The liquor license regulations have not been revised since they were created in the early 1990s, when the village renounced its “dry” policy, according to a memo to the board from Assistant Village Administrator Mike Braiman. The changes, he said, will help maximize economic development and bring the rules in line with state regulations.
“By today’s standards the liquor rules are cumbersome, restrictive and, in general, not business friendly,” the memo said.
Under the changes adopted May 14, liquor license classes will be broadened so restaurants of any size can serve liquor. A class will also be created for “bring your own beverage” (BYOB). The old rules required restaurants to have a minimum of 750 square feet and a seating capacity of at least 35, the memo said. As a result, properties existed in the village that might be suited for a restaurant but could not serve liquor.
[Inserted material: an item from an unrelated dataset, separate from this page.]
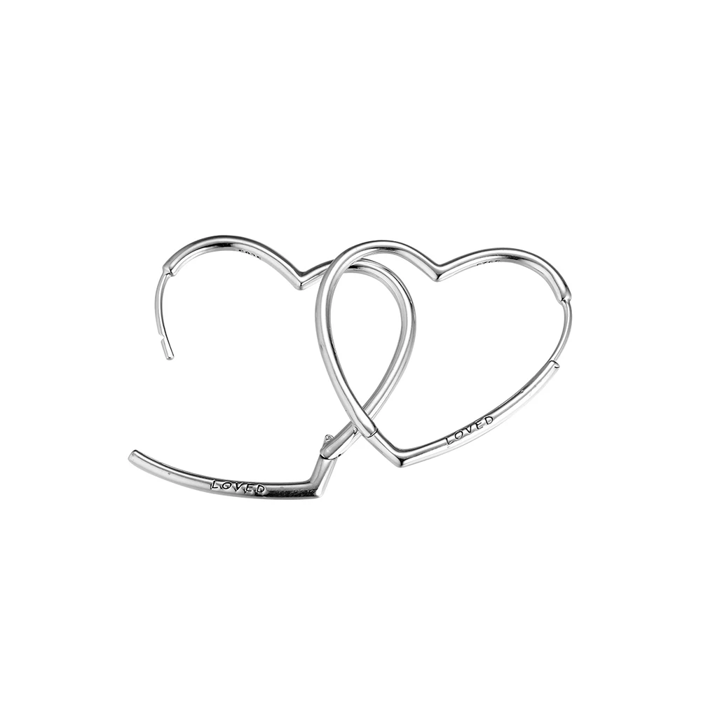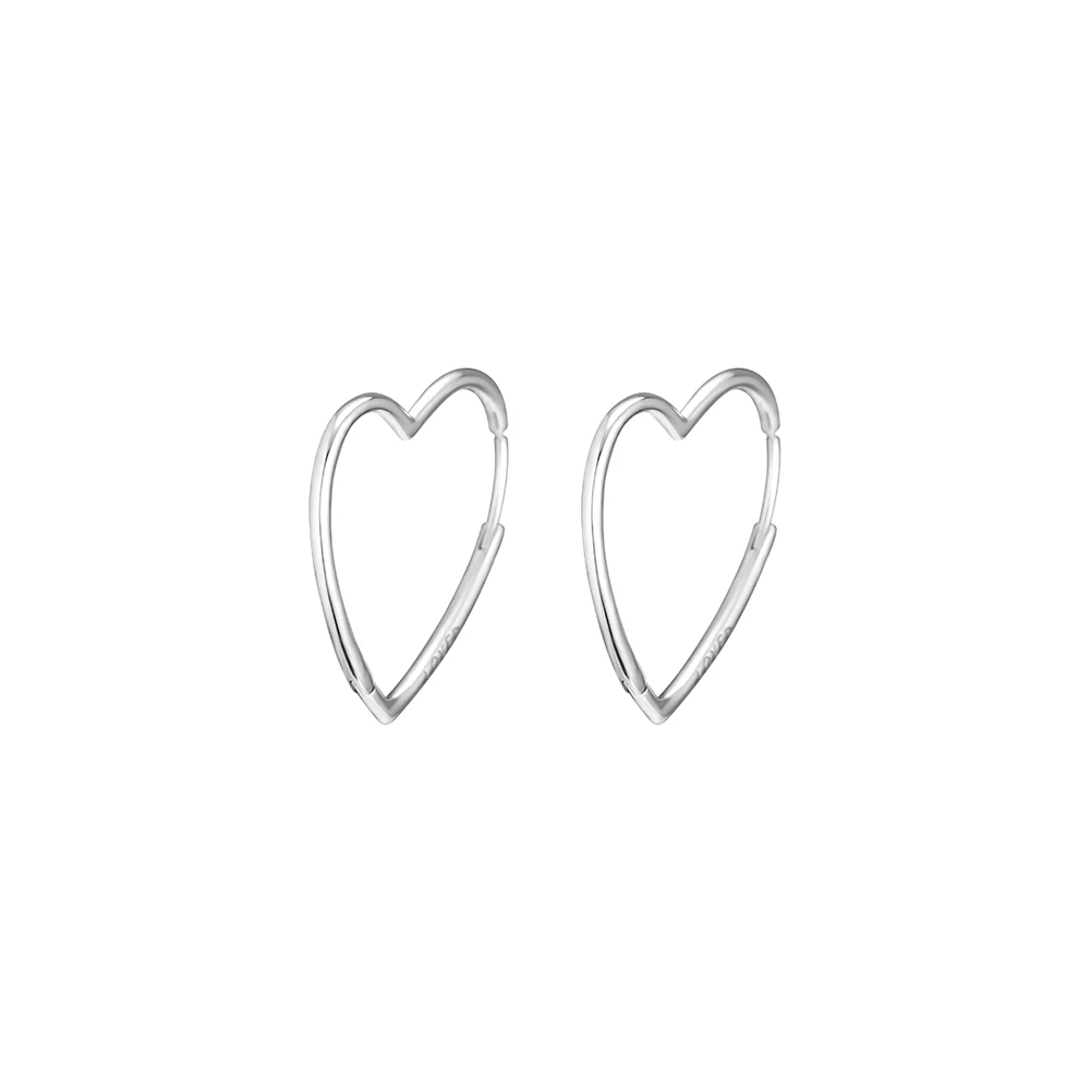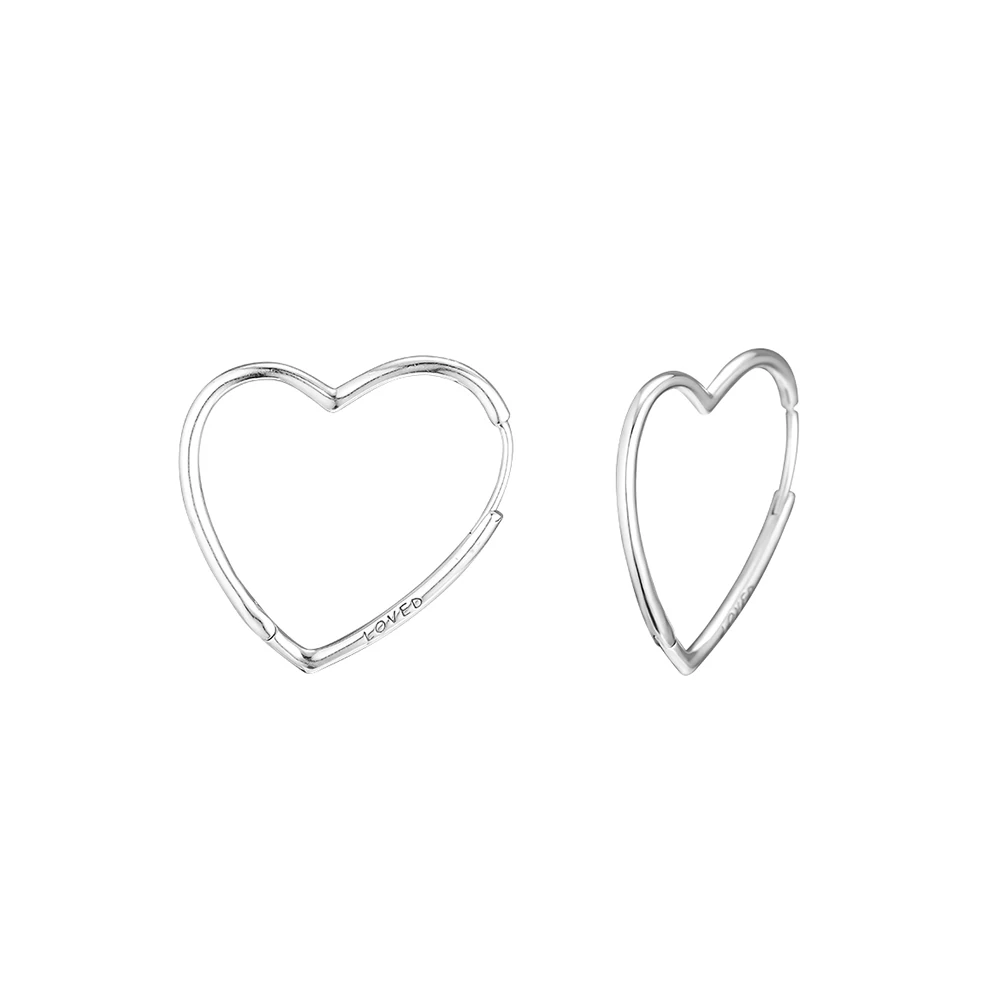Серьги-кольца Асимметричные женские из серебра 100% пробы с сердечками

A Class 1 license — which has not been held since 2006 when Pronto Roma closed in the current Noodles and Company space — is intended for La Majada Express. La Majada has been in business in Oak Park since 1976.
Bringing the village up to speed with neighboring Oak Park and Forest Park, alcohol can be served and consumed outdoors as long as food is purchased along with it. That will be allowed from 11 a.m. to 11 p.m. Friday and Saturday, and 11 a.m. to 10 p.m. Sunday through Thursday — beginning at noon on Sunday — the board decided.
Other changes include allowing retailers to sell “build your own” six-packs and allowing restaurants to sell packaged alcohol with carry-out food orders. A liquor license can also be issued to a restaurant within 100 feet of a church as long as liquor is not the principal business of the restaurant. The current ordinance prohibits that altogether.